Beyond paragraph in OmegaT - question about segmentation
Thread poster: Marcos Zattar
Marcos Zattar
Germany
Local time: 06:32
German to Portuguese
+ ...
Aug 15, 2008

Hello,

a lot has been discussed about the segmentation of OmegaT, even that in *past versions* it did not have the ability to do it at sentence level, instead recognizing the segment by the paragraph mark.

Well, I have exactly the opposite problem: I need a segmentation method that ignores paragraph marks, because my file format has them in the middle of the sentences.

I checked the following site: http://www.omegat.org/en/howtos/new_filter.html

It teaches how to create new filters for "exotic" file types, just as mine.

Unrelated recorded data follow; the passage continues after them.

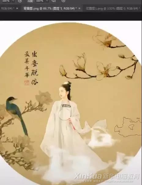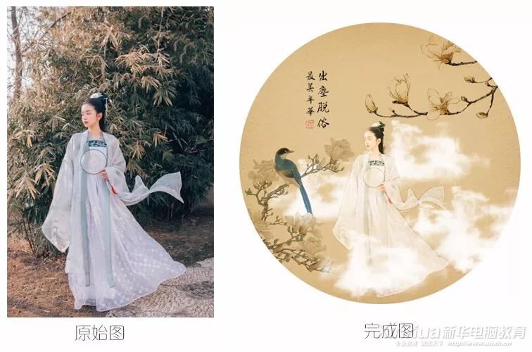 8、再把事先抠好的素材拖入,调整位置大小,最后使用云彩笔刷简单刷几笔,工笔画效果图就完成啦。
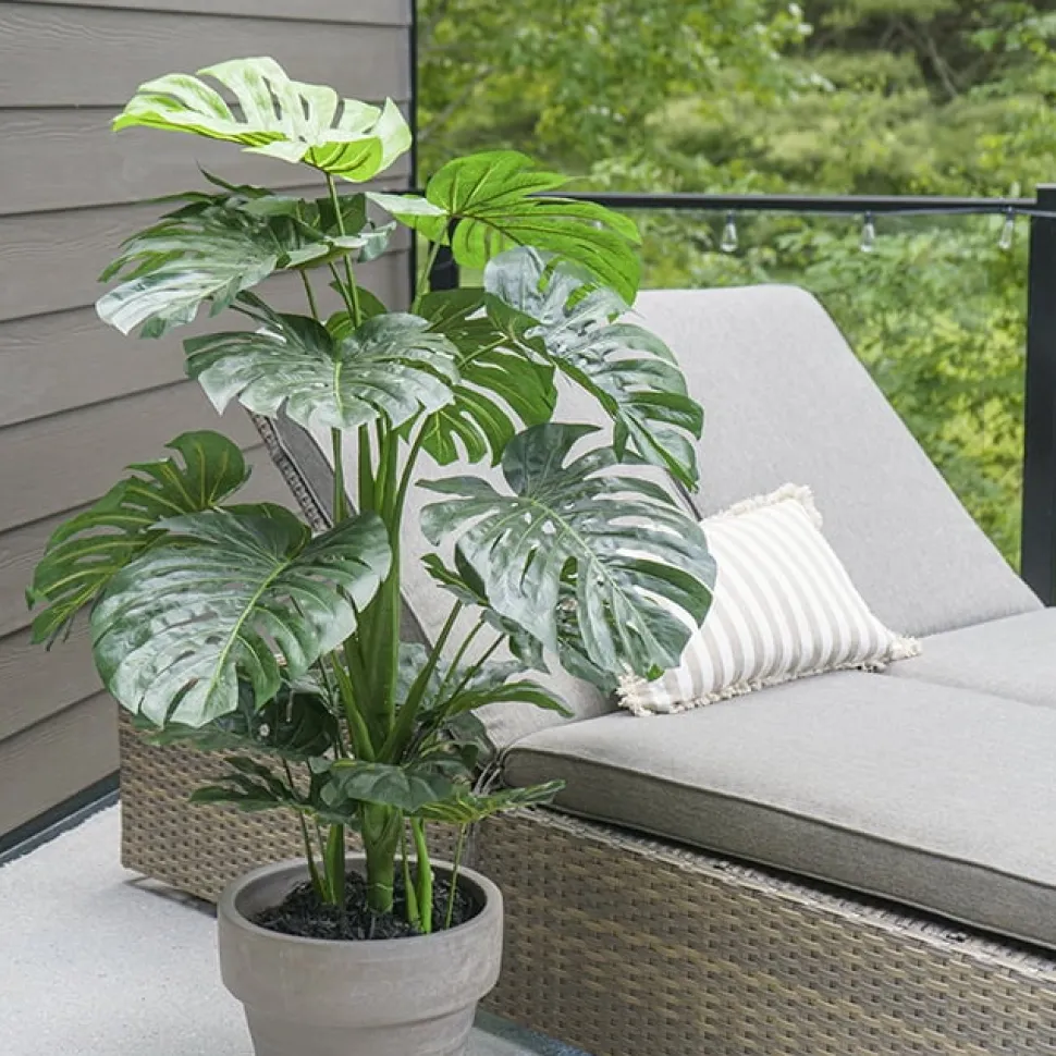 Plante artificielle extérieure, monstera, 48″. Ce monstera de 4 pieds est un coup de coeur pour les solariums ou les terrasses, afin d’obtenir un décor tropical ! Pour prolonger sa durée de vie, vaporisez un protecteur UV à chaque début de saison.
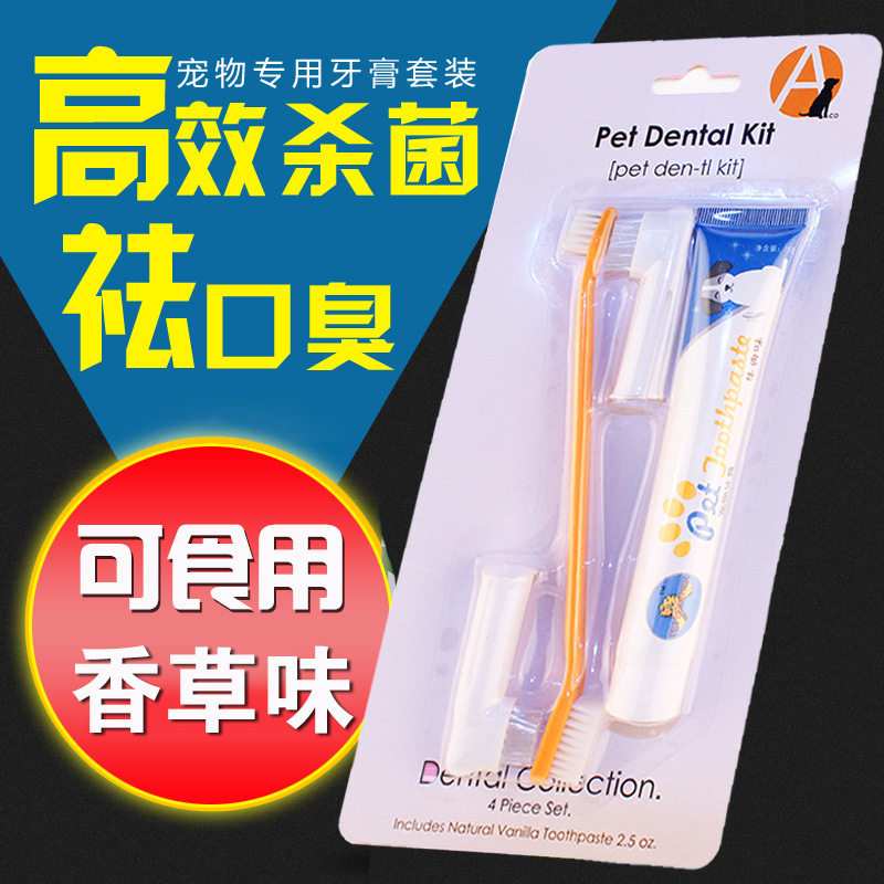 Pet double-headed cat toothbrush set dental oral cleaning supplies in addition to bad breath brushing teeth cleaning edible toothpaste
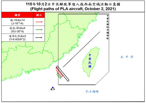 1 октября ВВС Народно-освободительной армии Китая (НОАК) направили к акватории Тайваня 38 самолётов. Источник
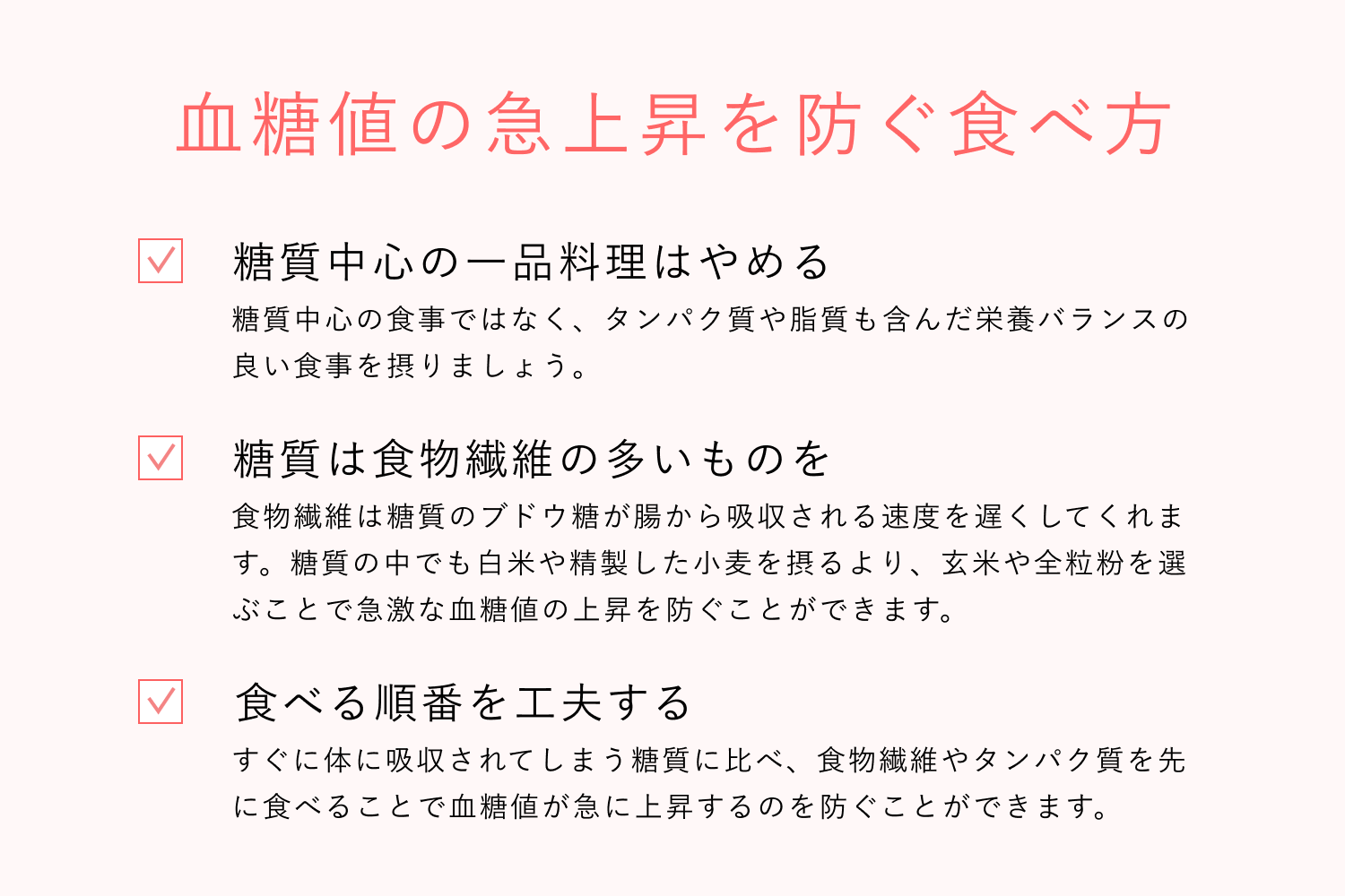 これを防ぐためにも血糖値を急激に上げないよう、食事の仕方を工夫しましょう。
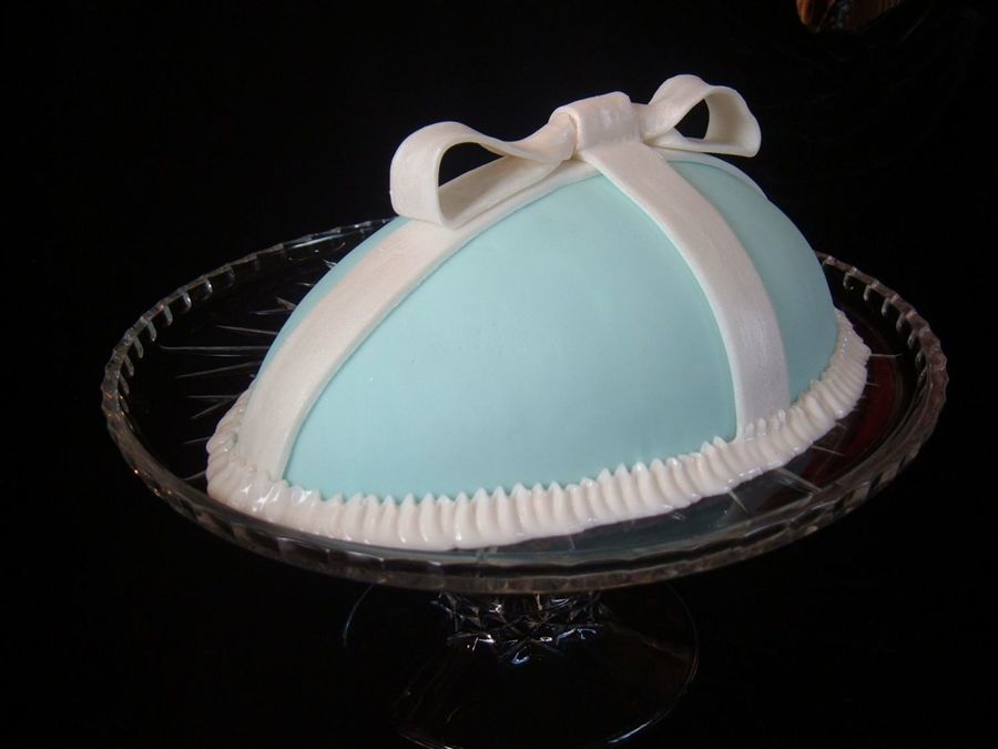 Fondant covered Egg with gumpaste bow. Luster dust painted to give shine.
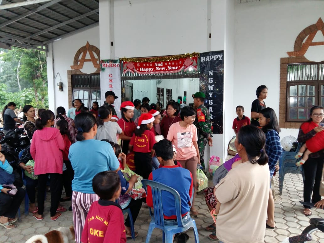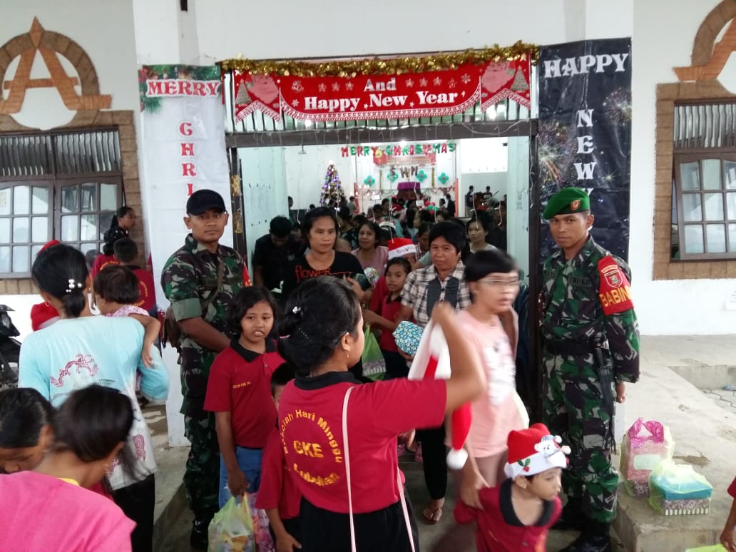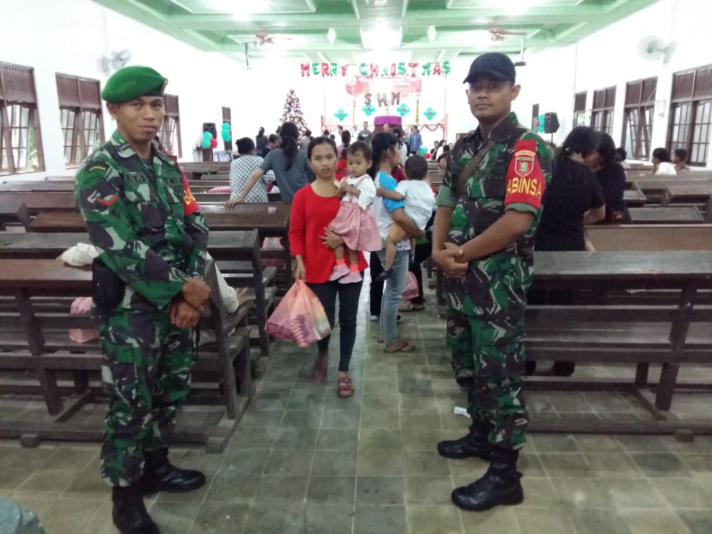 Anggota Koramil 1002-01/Birayang Serda Agus Rohmad dan Kopda Erly Serta satu orang anggota Unit Inteldim 1002/Barabai Sertu Erwanto melaksanakan pengamanan Ibadah Perayaan Natal Seksi Pelayanan Anak Sekolah Hari Minggu Umat Kristen Protestan di Gereja Kalimantan Evangelis EPHATA Desa Labuhan RT.02 RW.01 Kec.Batang Alai Selatan Kab. Hulu Sungai Tengah,
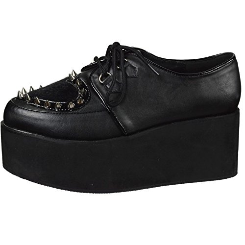 Binding : Apparel Product Description Alternative, defiant, and nonconforming enthusiasts need look no further than Demonia for the most cutting-edge, beyond-the-ordinary line of footwear. Its original meaning and connotation of demonic diva is by no means gender exclusive. Demonia not only reflects the alternative lifedesign, it defines it. This Grip 02 Platform Oxford feature platform, fury heart cutout design, D-ring lace, pointed studs and piping detail. Platform height: 2 3/4' (7cm). Material: Vegan Leather, Faux Fur. 0
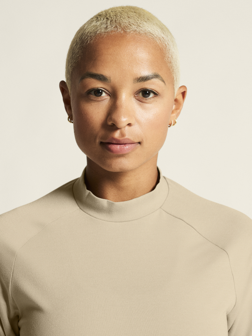 Složení: 70 % recyklovaný polyester, 26 % viskóza, 4 % elastan
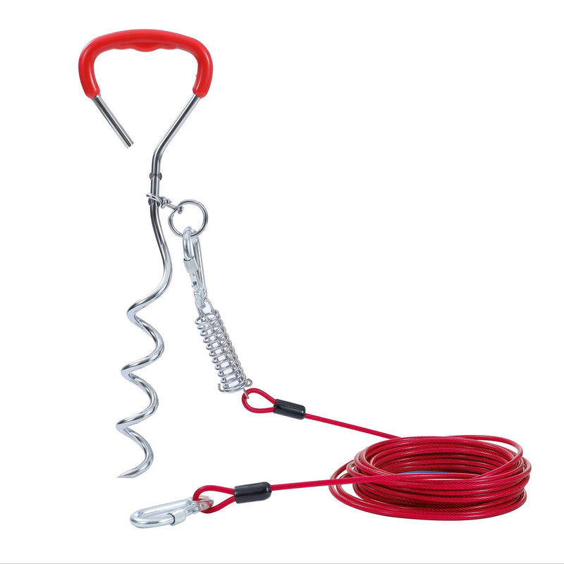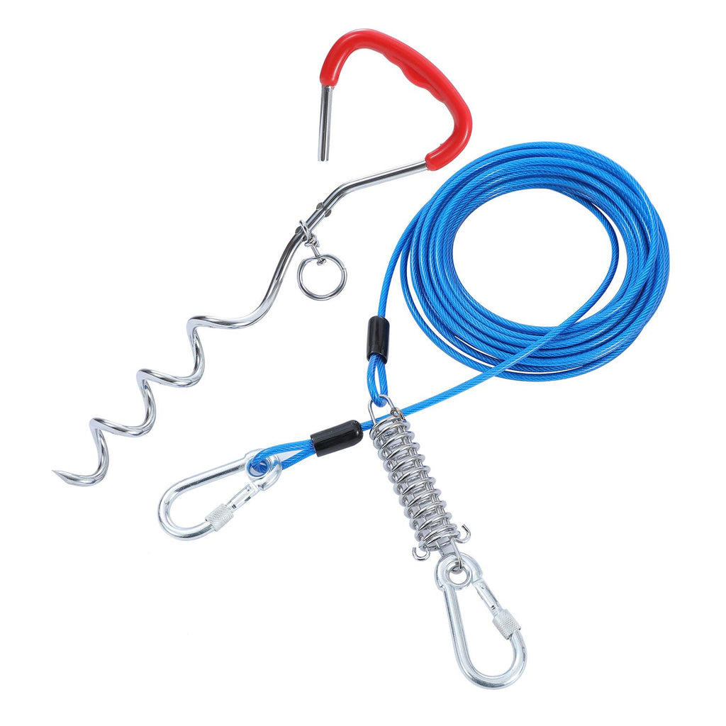 10m/33ft Galvanized steel dog tie out cable and galvanized iron stake, anti-rust and durable.
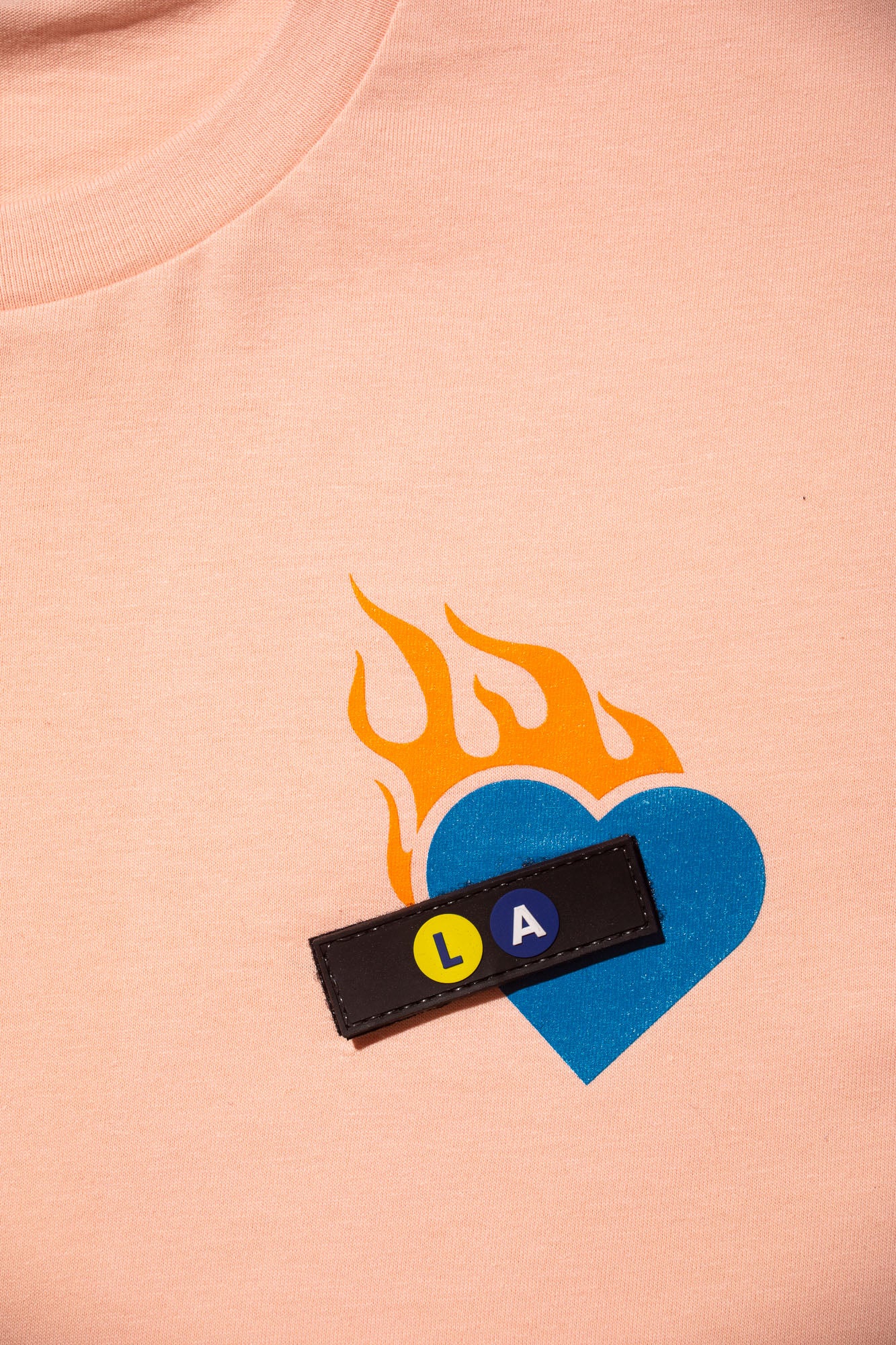 HEART ON FIRE ID PATCH CREW T-SHIRT; PALE PINK

My question: is it possible to create a filter which ignores paragraph marks and don't consider them the end of a segment?

Please note that I cannot just erase those marks within my source language text, because that would mess up the formatting.

Thanks for hints!

Kind regards,
Marcos


Direct link Reply with quote
 

Samuel Murray  Identity Verified
Netherlands
Local time: 06:32
Member (2006)
English to Afrikaans
+ ...
Soft returns instead of hard returns Aug 15, 2008

Marcos de Miranda Zattar wrote:
Well, I have exactly the opposite problem: I need a segmentation method that ignores paragraph marks, because my file format has them in the middle of the sentences.


1. Open your file in MS Word (because OpenOffice.org is rubbish)
2. Do find/replace that finds ^p and replaces it with ^l
3. Save, and reopen in OpenOffice.org

This changes hard returns into soft returns, which OmegaT regards as inline formatting. Remember to use paragraph segmentation in OmegaT for this.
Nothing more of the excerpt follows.